=== Your assignment ===
Return each line below exactly as it reads, and omit any image in it.

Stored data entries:
========================================================================
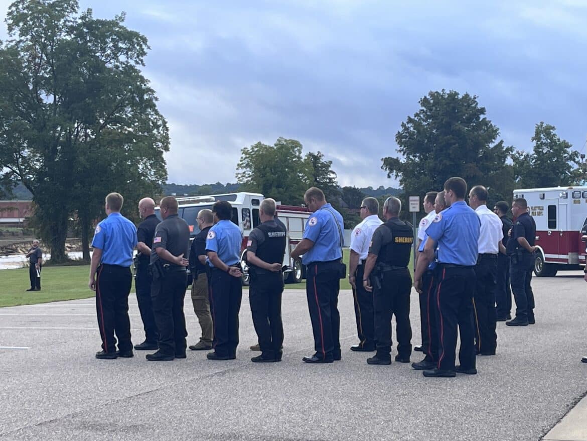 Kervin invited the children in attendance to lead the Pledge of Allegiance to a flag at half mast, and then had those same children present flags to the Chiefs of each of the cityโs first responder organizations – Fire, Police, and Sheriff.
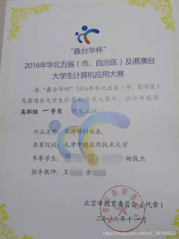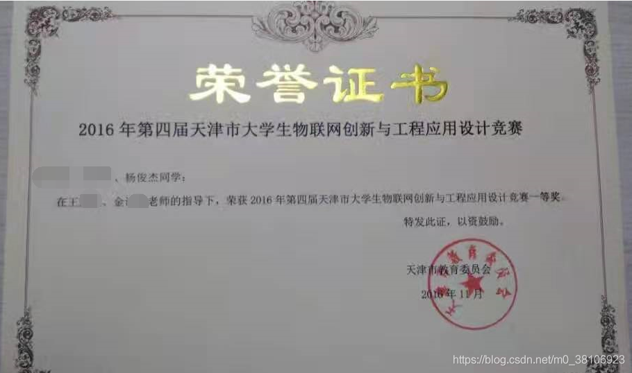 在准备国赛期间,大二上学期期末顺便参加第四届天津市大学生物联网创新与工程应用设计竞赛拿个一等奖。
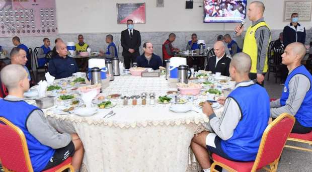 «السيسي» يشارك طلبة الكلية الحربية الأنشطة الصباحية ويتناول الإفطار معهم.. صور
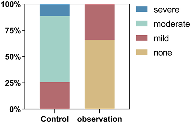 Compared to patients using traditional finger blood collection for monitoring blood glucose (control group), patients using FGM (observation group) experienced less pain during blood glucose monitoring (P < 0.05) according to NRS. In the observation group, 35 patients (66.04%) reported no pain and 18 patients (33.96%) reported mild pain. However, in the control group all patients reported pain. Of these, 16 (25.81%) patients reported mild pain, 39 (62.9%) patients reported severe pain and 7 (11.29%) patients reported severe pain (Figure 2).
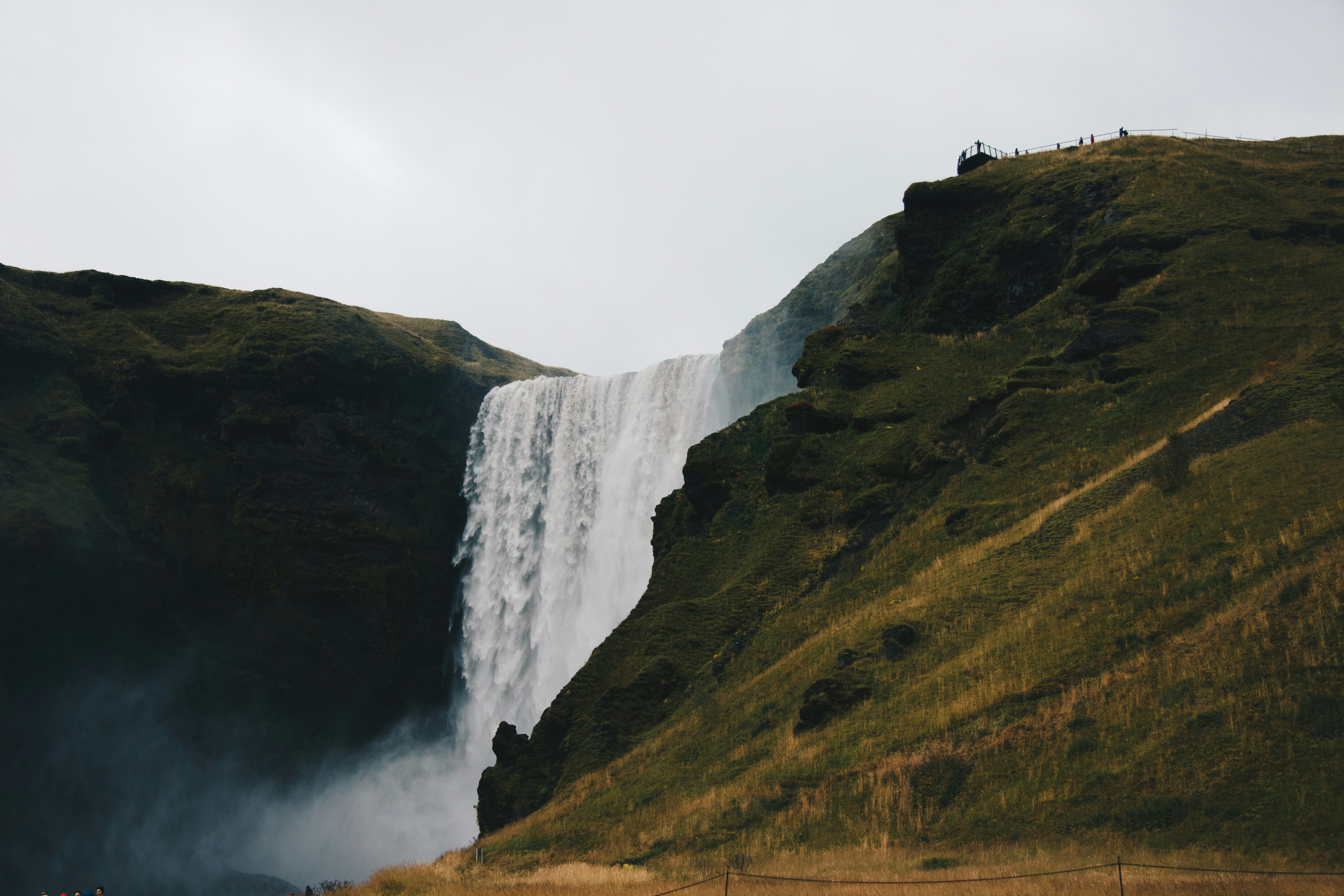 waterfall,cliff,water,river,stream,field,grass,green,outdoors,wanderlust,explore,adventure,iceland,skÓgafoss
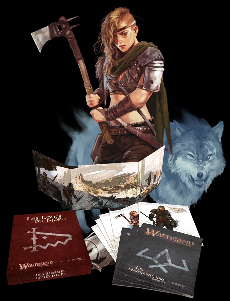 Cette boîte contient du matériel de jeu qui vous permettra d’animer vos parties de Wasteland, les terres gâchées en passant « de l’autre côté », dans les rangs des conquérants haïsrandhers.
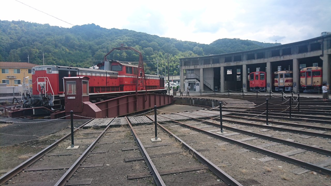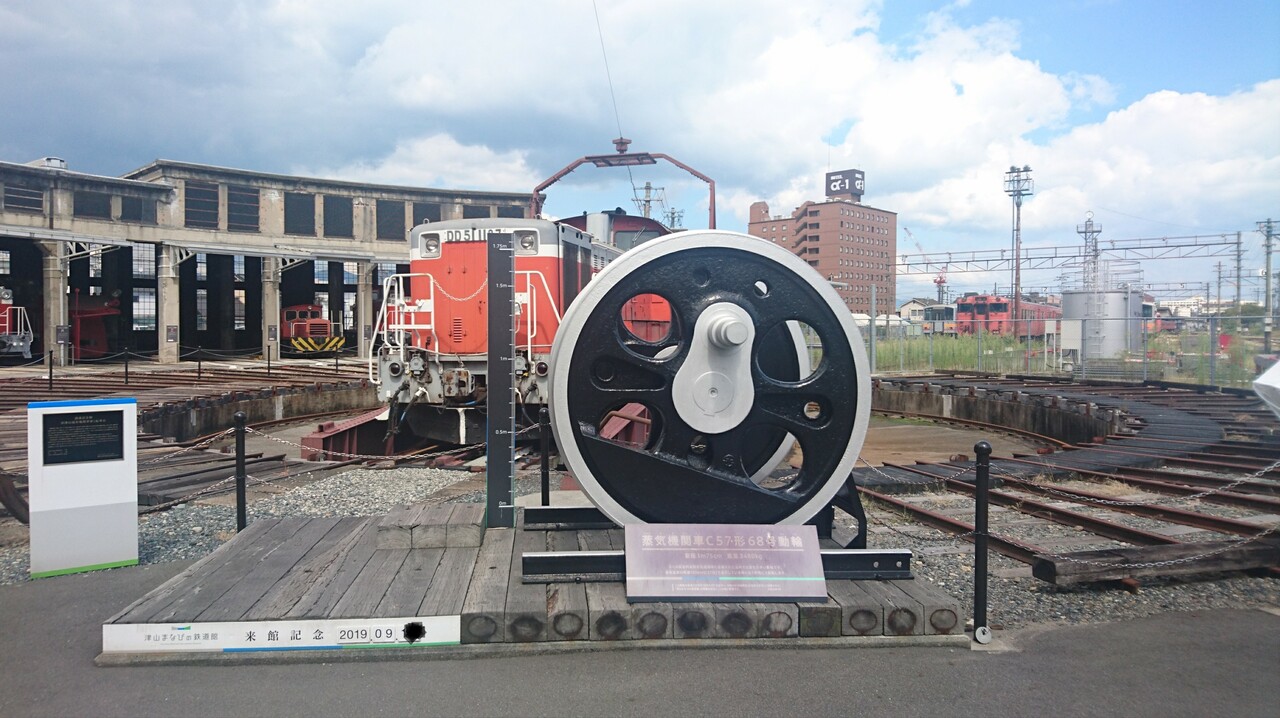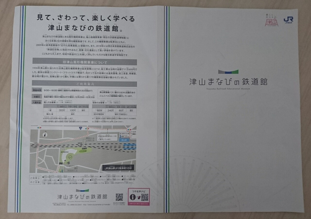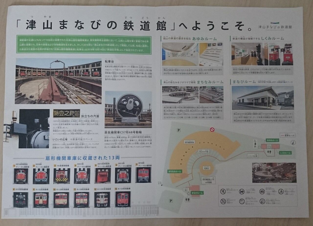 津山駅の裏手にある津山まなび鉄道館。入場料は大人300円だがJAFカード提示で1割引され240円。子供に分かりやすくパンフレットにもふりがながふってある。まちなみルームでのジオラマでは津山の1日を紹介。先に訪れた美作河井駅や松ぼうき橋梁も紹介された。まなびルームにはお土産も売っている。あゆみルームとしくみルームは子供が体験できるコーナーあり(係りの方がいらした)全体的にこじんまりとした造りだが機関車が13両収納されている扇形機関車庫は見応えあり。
========================================================================
=== Response area ===
 Kervin invited the children in attendance to lead the Pledge of Allegiance to a flag at half mast, and then had those same children present flags to the Chiefs of each of the cityโs first responder organizations – Fire, Police, and Sheriff.
 在准备国赛期间,大二上学期期末顺便参加第四届天津市大学生物联网创新与工程应用设计竞赛拿个一等奖。
 «السيسي» يشارك طلبة الكلية الحربية الأنشطة الصباحية ويتناول الإفطار معهم.. صور
 Compared to patients using traditional finger blood collection for monitoring blood glucose (control group), patients using FGM (observation group) experienced less pain during blood glucose monitoring (P < 0.05) according to NRS. In the observation group, 35 patients (66.04%) reported no pain and 18 patients (33.96%) reported mild pain. However, in the control group all patients reported pain. Of these, 16 (25.81%) patients reported mild pain, 39 (62.9%) patients reported severe pain and 7 (11.29%) patients reported severe pain (Figure 2).
 waterfall,cliff,water,river,stream,field,grass,green,outdoors,wanderlust,explore,adventure,iceland,skÓgafoss
 Cette boîte contient du matériel de jeu qui vous permettra d’animer vos parties de Wasteland, les terres gâchées en passant « de l’autre côté », dans les rangs des conquérants haïsrandhers.
 津山駅の裏手にある津山まなび鉄道館。入場料は大人300円だがJAFカード提示で1割引され240円。子供に分かりやすくパンフレットにもふりがながふってある。まちなみルームでのジオラマでは津山の1日を紹介。先に訪れた美作河井駅や松ぼうき橋梁も紹介された。まなびルームにはお土産も売っている。あゆみルームとしくみルームは子供が体験できるコーナーあり(係りの方がいらした)全体的にこじんまりとした造りだが機関車が13両収納されている扇形機関車庫は見応えあり。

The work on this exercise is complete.